# A newbie who needs help on finding accessories.



## justboughtacanon (May 11, 2011)

Hey guys, I just bought a brand new Canon PowerShot SX130 IS and I really like it. I've been doing a lot of research on some accessories but you guys would probably know more than me on what is best. I was wondering if you could recommend accessories for me. 

I'm looking for a case, neck strap, and a tripod.

Any help would be greatly appreciated. Thank you.


----------



## neuroanatomist (May 11, 2011)

justboughtacanon said:


> I'm looking for a case, neck strap, and a tripod.



Personally, I like Lowepro cases (I'd guess something like the Apex 60 AW). I use Blackrapid straps and Manfrotto supports, but those may be overkill for a light point-and-shoot.
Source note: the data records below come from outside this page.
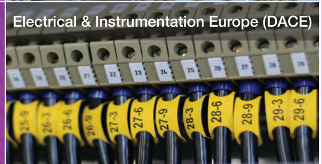
Electrical & Instrumentation Europe (DACE)
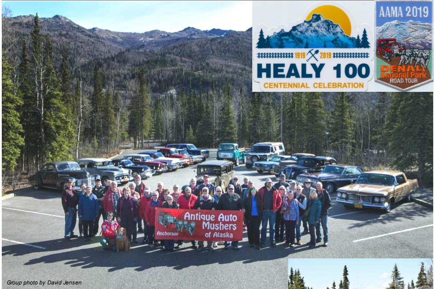
Group

Plateaus are the highest form of flattery.
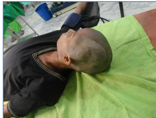
FIG. 7: Venous malformation of scalp
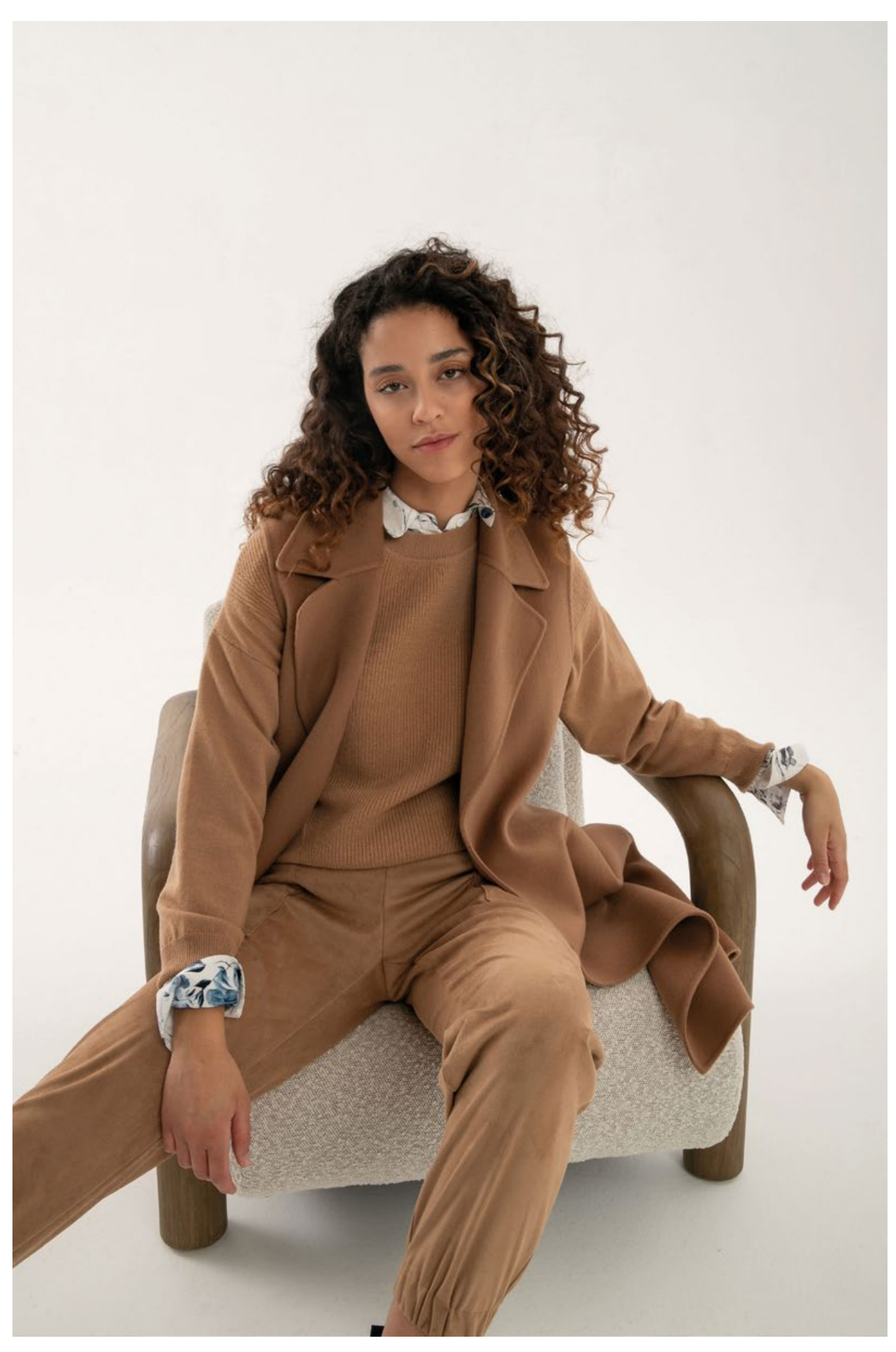
Printed shirt in viscose jacquard, art. 5006 Sweater in wool and cashmere, art. 2214 Trousers in faux suede, art. 3017 Gilet in double fabric wool and cashmere, art. 8108

For a small, flexible support you might look at a Joby Gorillapod.


----------



## Admin US West (May 11, 2011)

I'd go to your local best buy, walmart, or camera store and find a case you'd like. Not many use a neck strap on a point and shoot, perhaps there is someone with experience?
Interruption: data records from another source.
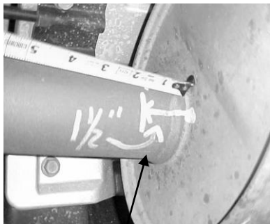
Cut here to remove for 00-02

MEASURE 1 1/2' IN FRONT OF THE MUFFLER AND CUT.
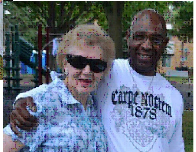
Neighbors & festival organizers
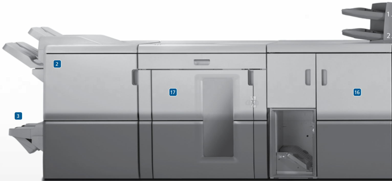
SAVIN Pro 8100 Series
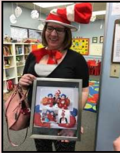
This "Cat In The Hat" looked a lot like one of our visiting moms! Hmmm!
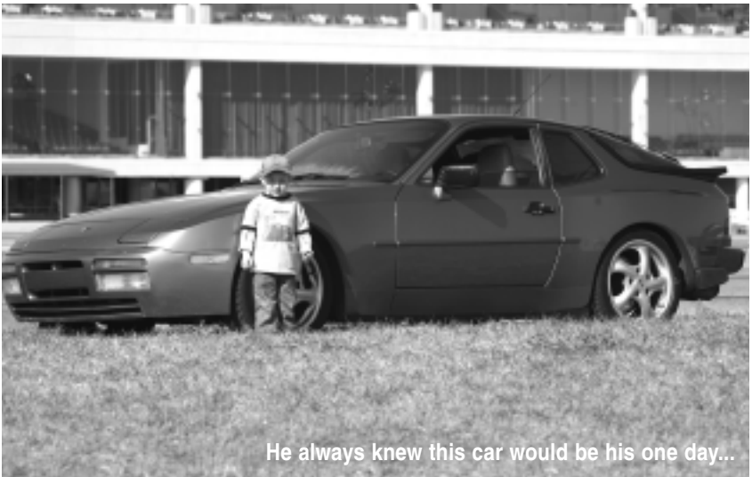
He always knew this car would be his one day...
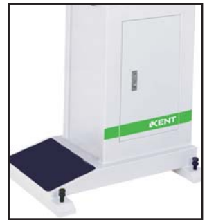
Machine stand (MS-100)
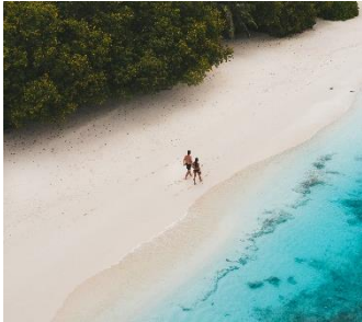
SPACE TO PLAY
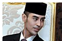
Johor prince laid to rest ( http://news.asiaone.com/news/crime/johor-prince-laid-rest )
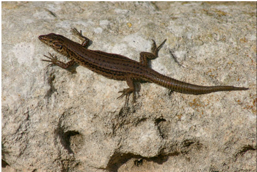
Female Podarcis lilfordi sargentanae (Illa Sargantana 21-10-2008)
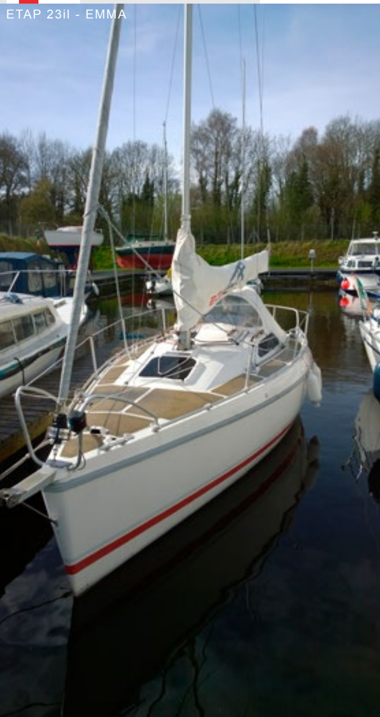
ETAP 23ii - EMMA
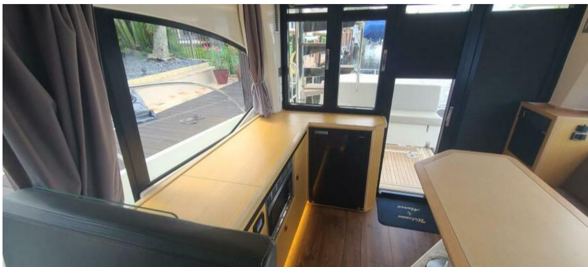
Galley To Port w/Covers Closed
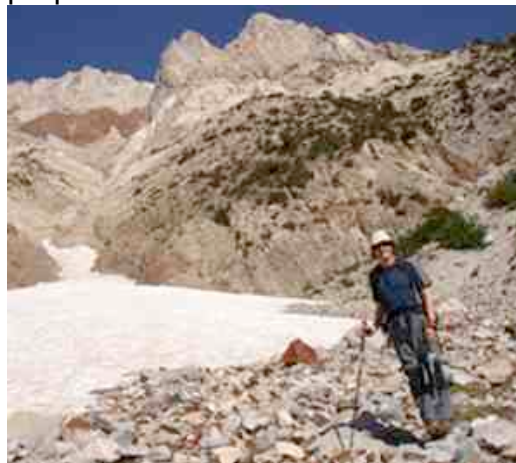
View of Gully with snow coming out

The red rocks inside the gully at this point are amazing to look at. The gully is a thin cleft in the rock and it snakes up. We were offered some fun climbing on the rock here. It was mostly class-3. There were some places, too many to describe, where there was a steady stream of water trickling down the gully, bang in the middle of the route that we had to climb. Normally, one avoids climbing in the path of water, especially the 4th class sections and some even low 5th for the usual reasons: boots not getting good purchase and the chance of moss on the rock, adding to the slickness. However there was no moss at all and our feet held positively on the wet rock.
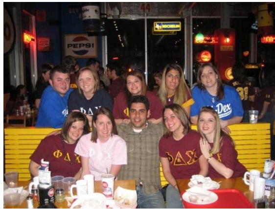
Alpha Delta Brothers at PDC Southeast Regional Meeting in Charlotte, NC
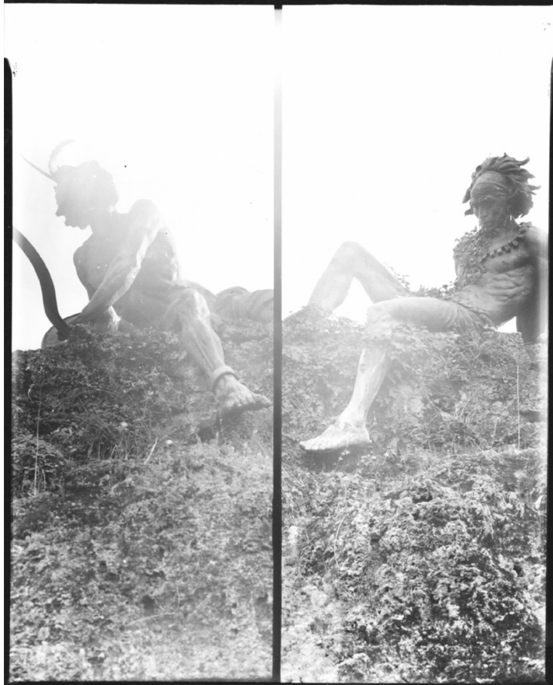
Dialogo , 2020 - 2021, gelatin silver print, contact print, 25 x 20 cm

As for a tripod, the camera is quite small and light, so you do not need a heavyduty pro model that runs several hundred and up. You do want stability, and one tall enough to use without cranking up a center column. Cranking up the center column can introduce a lot of movement.

I'd suggest inexpensive tripod with a underhook to hang a weight on. Depending on your height, one like this might be tall enough without raising the center column. The weight will help hold it still, and to keep it from blowing over in a wind.

You can spend almost any amount on a tripod, so it depends on how high you want to go.

http://www.bhphotovideo.com/c/product/610394-REG/Sunpak_620_6464CC_9002DX_Tripod_with_3_Way.html


----------